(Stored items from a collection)
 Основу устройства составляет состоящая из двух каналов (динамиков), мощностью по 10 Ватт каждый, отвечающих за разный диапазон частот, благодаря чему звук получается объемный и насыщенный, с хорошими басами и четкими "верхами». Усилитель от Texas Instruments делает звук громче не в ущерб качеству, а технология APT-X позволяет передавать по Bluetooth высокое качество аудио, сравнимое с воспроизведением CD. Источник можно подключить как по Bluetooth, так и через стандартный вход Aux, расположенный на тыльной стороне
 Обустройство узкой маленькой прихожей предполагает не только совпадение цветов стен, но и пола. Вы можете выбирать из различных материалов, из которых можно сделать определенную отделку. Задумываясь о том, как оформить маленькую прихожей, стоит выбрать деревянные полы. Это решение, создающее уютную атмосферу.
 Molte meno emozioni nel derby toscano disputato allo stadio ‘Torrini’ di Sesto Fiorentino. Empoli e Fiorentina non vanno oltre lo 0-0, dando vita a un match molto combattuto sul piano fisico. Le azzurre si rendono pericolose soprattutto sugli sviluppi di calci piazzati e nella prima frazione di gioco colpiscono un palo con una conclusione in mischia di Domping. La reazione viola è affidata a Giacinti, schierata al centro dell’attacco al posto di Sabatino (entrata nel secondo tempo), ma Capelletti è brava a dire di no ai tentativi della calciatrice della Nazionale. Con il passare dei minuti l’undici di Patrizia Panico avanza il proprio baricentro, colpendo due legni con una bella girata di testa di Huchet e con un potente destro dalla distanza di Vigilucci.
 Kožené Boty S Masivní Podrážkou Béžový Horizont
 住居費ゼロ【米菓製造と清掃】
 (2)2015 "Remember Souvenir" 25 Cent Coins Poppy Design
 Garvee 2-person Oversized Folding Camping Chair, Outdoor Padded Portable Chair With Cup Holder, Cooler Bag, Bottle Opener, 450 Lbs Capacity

■ **ACTIVITY**
The answer must be the line containing "Kožené Boty S" and every line after it to the end of the records, repeated exactly.

■ **TASK OUTPUT**
 Kožené Boty S Masivní Podrážkou Béžový Horizont
 住居費ゼロ【米菓製造と清掃】
 (2)2015 "Remember Souvenir" 25 Cent Coins Poppy Design
 Garvee 2-person Oversized Folding Camping Chair, Outdoor Padded Portable Chair With Cup Holder, Cooler Bag, Bottle Opener, 450 Lbs Capacity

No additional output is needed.